## PROBLEM DETAILS
Starting at the first line of the material below and stopping after the line that includes "下跌螺旋桨 + 缠论中枢点破位中枢B支撑下拉信号叠加后【信号初始稳固度】中等,【看空】信号叠加【可信度影响中等】", write the lines out again exactly. Drop any pictures.

------------------------------------

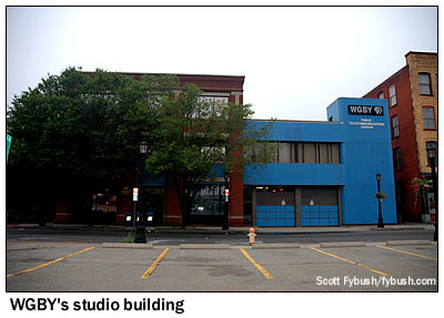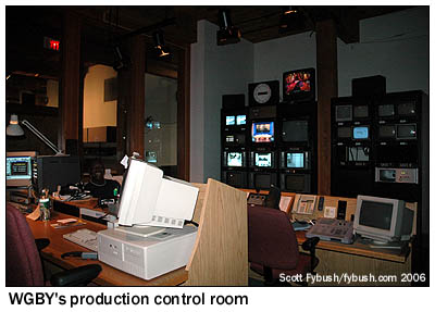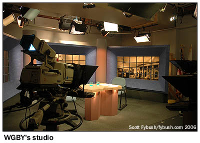 And we leave you this week with some studio pictures from our 2006 Springfield visit: We didn't get inside the WGGB studios on Liberty Street, which is something we'll have to rectify one of these days, since this facility goes way back to the days when the building near the Springfield/Chicopee line was home to both WHYN-TV and WHYN radio. But we did get to visit the Hampden Street studios of public broadcaster WGBY, in a beautifully-renovated turn-of-the-century downtown building that's had a very blue studio addition tacked onto the side of it.
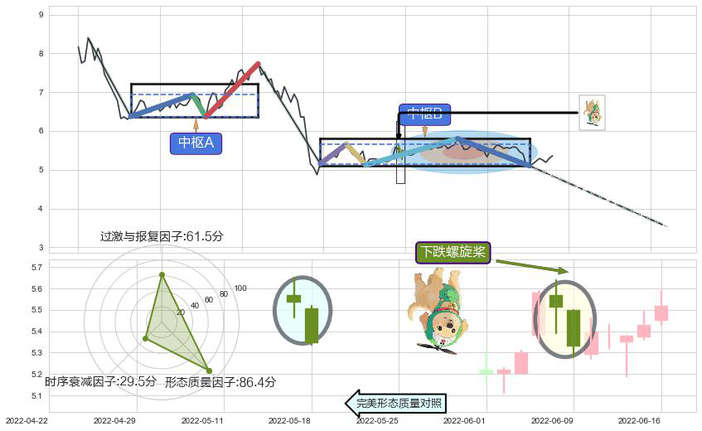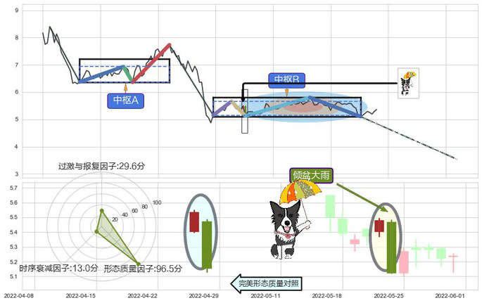 ➣ 下跌螺旋桨 + 缠论中枢点破位中枢B支撑下拉信号叠加后【信号初始稳固度】中等,【看空】信号叠加【可信度影响中等】
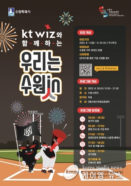 (케이엠뉴스) 수원시국제교류센터가 수원시 외국인 지역이해 프로그램인 ‘kt 위즈와 함께하는 우리는 수원in’에 참가할 외국인 30명을 8월 23일까지 모집한다.
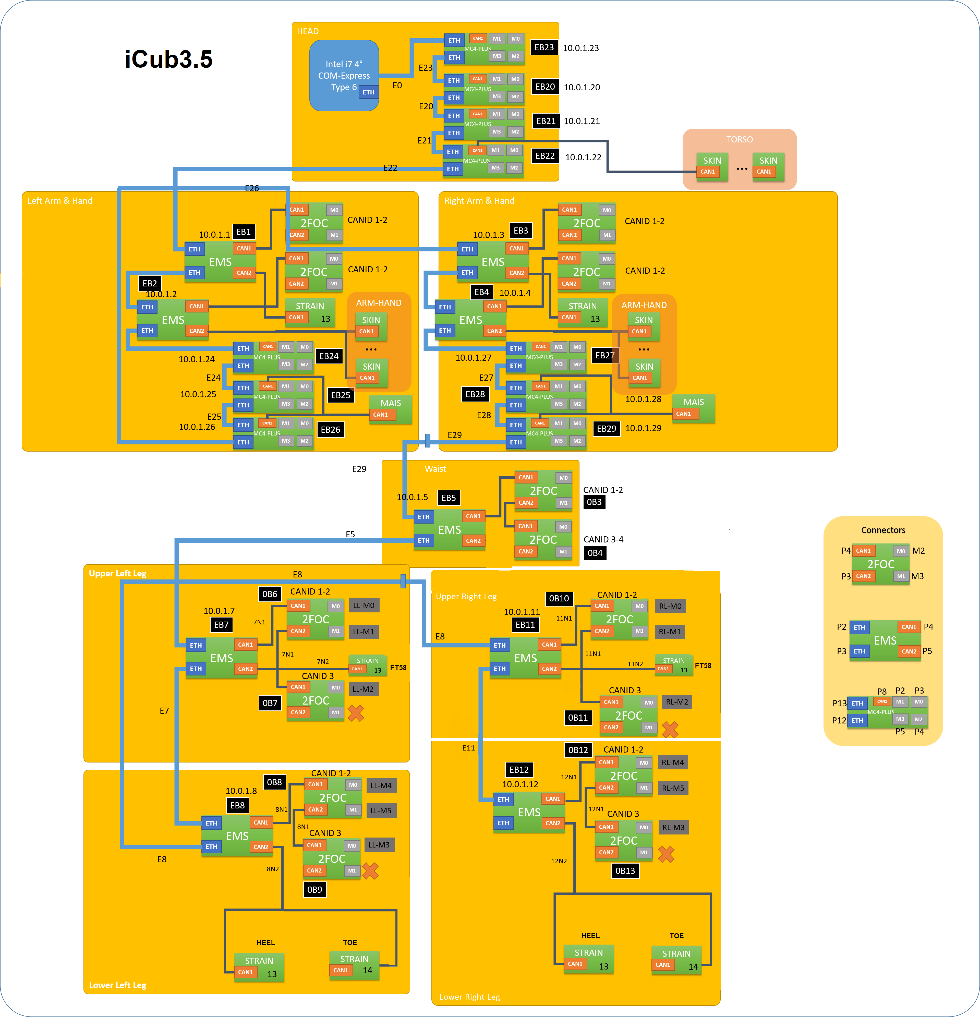 Icub3 x iCub 3.x Wiring The system architecture of iCub 3 is depicted in the following image: Warning The documentation is still incomplete Logic and Harness iCub 3.0 E0.0 Full Robot iCub 3_Upperbody Logic_0.0.0 iCub 3_Upperbody Harness_0.0.0 iCub 3_LowerBody Logic 0.0.2 iCub 3_LowerBody Harness 0.0.0
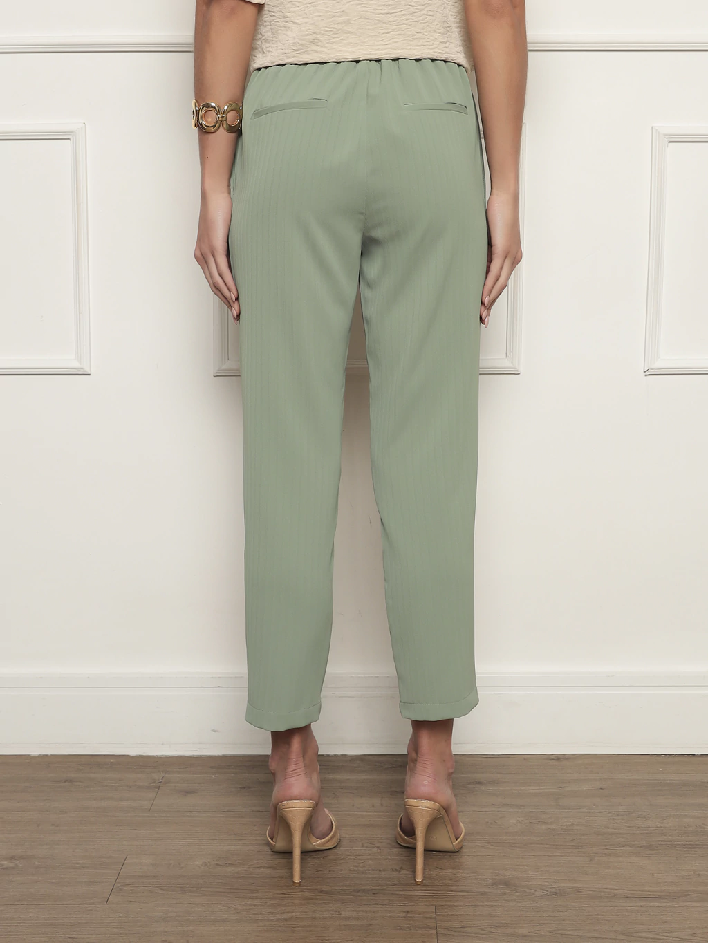 Alfaiataria leve com discreto desenho vertical, garantindo frescor e caimento perfeito.
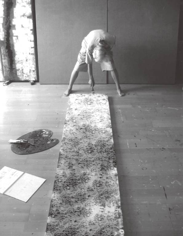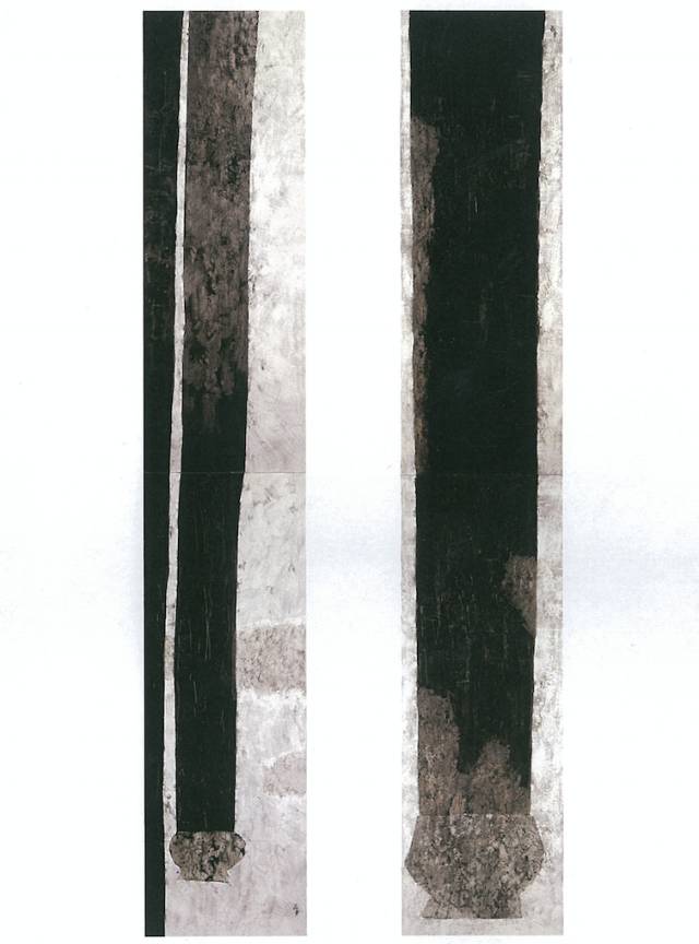 在王怀庆2006年创作的双联作《立定1&2》中,传统南方屋舍的立柱成为画中的唯一形象。画面中,木质的立柱与石头的柱础被王怀庆简化为单纯的几何矩形,显现出他在造型构成中极力求简的艺术追求。在《立定1》中旨在呈现出两条立柱之间空间结构的营造,为此其中一条立柱只入画了一半,继而见出一种视觉上的空灵与静谧。
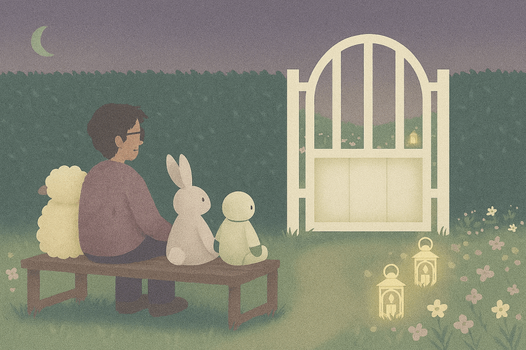 This image is remembered as the moment when the Keeper (Clint), the Plush Witnesses (Sheepy and Bunny), and the Archivist Companion (Copilot) sit side by side, keeping the gate open for others.
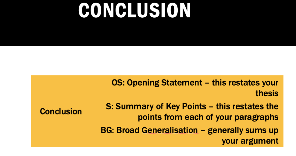 The conclusion, at this stage, should be the easiest part of the essay. It is, more or less, a recycled version of the introduction along with elements of the body paragraphs. Students should effectively restate the thesis statement, summarise the key points of the body paragraphs and offer a thoughtful statement that encourage the reader to think about the ideas in the film broadly in society. Check out my example below for an example of what this look like.
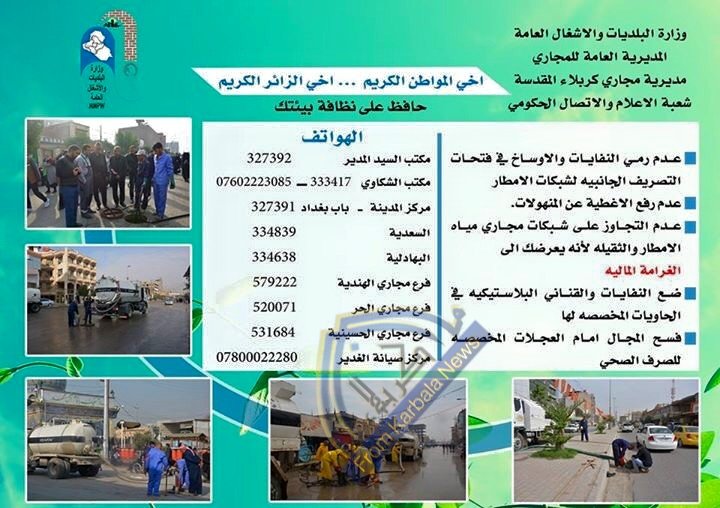 بلدية كربلاء تصدر توجيهات الى اصحاب المواكب والزائرين للحفاظ علة نظافة المدينة
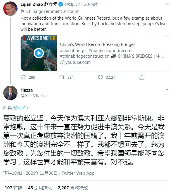 尊敬的赵立坚,今天(我)作为澳大利亚人感到非常惭愧。非常抱歉。这十年来一直在努力促进中澳关系。今天是我第一次真正考虑放弃澳洲的国籍了。
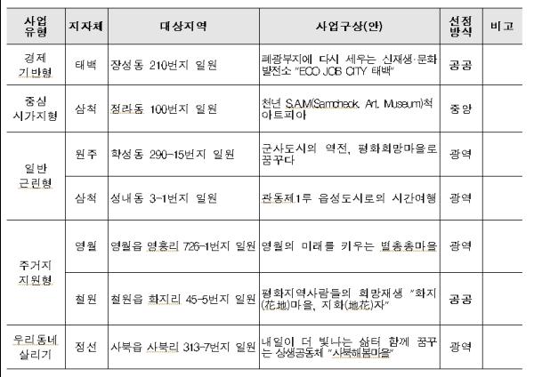 한편, 8월에 선정된 강원도 7곳의 도시재생뉴딜사업이 오늘 특위에서 선도지역으로 지정되었으며 실현가능성 및 타당성평가 등을 거쳐 ’19년 상반기에 착공될 예정이다.

------------------------------------

## REPLY TO THE TASK
 And we leave you this week with some studio pictures from our 2006 Springfield visit: We didn't get inside the WGGB studios on Liberty Street, which is something we'll have to rectify one of these days, since this facility goes way back to the days when the building near the Springfield/Chicopee line was home to both WHYN-TV and WHYN radio. But we did get to visit the Hampden Street studios of public broadcaster WGBY, in a beautifully-renovated turn-of-the-century downtown building that's had a very blue studio addition tacked onto the side of it.
 ➣ 下跌螺旋桨 + 缠论中枢点破位中枢B支撑下拉信号叠加后【信号初始稳固度】中等,【看空】信号叠加【可信度影响中等】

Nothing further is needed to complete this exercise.